Tra i progetti del Servizio civile anche quello della Provincia “Grand’Acqua”

L’obiettivo del progetto è la salvaguardia ambientale e la prevenzione dell’inquinamento delle acque

Tra i 33 progetti inseriti nel nuovo bando del Servizio civile universale della Provincia per il 2021 (consultabile sul sito www.provincia.cuneo.gov.it) per un totale di 177 posti disponibili, c’è anche il progetto  “Grand’Acqua” (4 posti), promosso dalla Provincia stessa (Ufficio Acque).  “Grand’Acqua” rientra nel programma più generale “Green Action” nell’ambito del patrimonio ambientale e riqualificazione urbana, con la prevenzione e il monitoraggio dell’inquinamento delle acque. Prevede 1.145 ore di servizio in tutto l’anno con un minimo di 20 ore settimanali su 5 giorni alla settimana, con flessibilità oraria e la possibilità di missioni e trasferte fuori dall’ufficio. Con questo progetto della Provincia s’intende individuare e risolvere potenziali cause di inquinamento delle acque, incrementando le conoscenze “sul campo” degli effetti dei prelievi idroelettrici del territorio della Granda. Un altro obiettivo è anche evidenziare eventuali problemi nelle modalità di gestione e distribuzione in agricoltura delle acque irrigue e degli effluenti zootecnici, oltrechè nei sistemi di trattamento e scarico delle acque reflue.

Nello specifico, i volontari del Servizio civile impegnati nel progetto che ha lo scopo di definire le superfici irrigate della pianura cuneese, valutare gli effetti delle derivazioni idroelettriche, ridurre il numero di pozzi veicolo di inquinamento, ridurre gli inquinanti da fonte agricola per proteggere le acque sotterranee ed in particolare quelle destinate al consumo umano e infine ridurre gli inquinanti da fonte industriale con lo scopo di proteggere le acque superficiali e gli ecosistemi coinvolti.

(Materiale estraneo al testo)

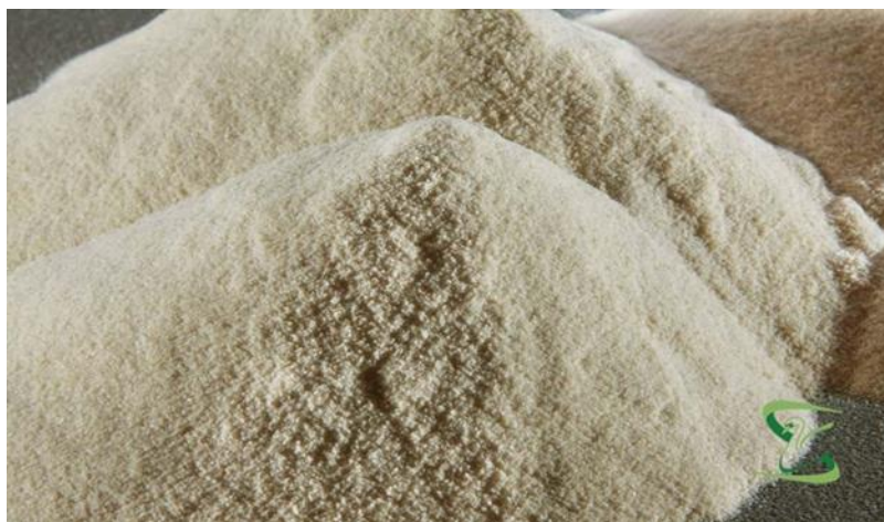
Figure 3 : Gum Agar

I giovani tra i 18 e i 28 anni interessati al progetto “Grand’Acqua” possono contattare la sede della Provincia di Cuneo per informazioni. Il requisito di accesso al progetto è il diploma di scuola secondaria di II grado. Il Servizio civile offre ore di formazione, crediti formativi, attestato di partecipazione, riconoscimento e valorizzazione delle competenze acquisite, valutazione dell’esperienza nei concorsi pubblici con le stesse modalità e lo stesso valore del servizio prestato presso la Pubblica Amministrazione e può valere come titolo di preferenza. E’ anche riconosciuto ai fini del trattamento previdenziale (riscattabile) e offre un assegno mensile di 439,50 euro, oltre a permessi in proporzione al periodo di servizio (20 giorni per 12 mesi) e altri permessi straordinari per circostanze specifiche come la partecipazione ad esami universitari.

Le domande devono pervenire  esclusivamente online entro l’8 febbraio 2021 (ore 14) attraverso la piattaforma Domanda on Line (Dol) raggiungibile tramite pc, tablet e smartphone all’indirizzo https://domandaonline.serviziocivile.it. L’accesso alla piattaforma è possibile solo attraverso Spid (Sistema Pubblico di Identità Digitale) per i cittadini italiani residenti in Italia o all’estero o con le credenziali fornite dal Dipartimento per le Politiche giovanili e il Servizio civile universale per i cittadini di Paesi appartenenti all’Unione europea e gli stranieri regolarmente soggiornanti in Italia. Dopo l’invio della domanda il candidato verrà convocato per un colloquio. L’Ufficio Servizio Civile della Provincia è a disposizione per rispondere a eventuali dubbi e richieste di chiarimento (telefonare al numero 0171-445807).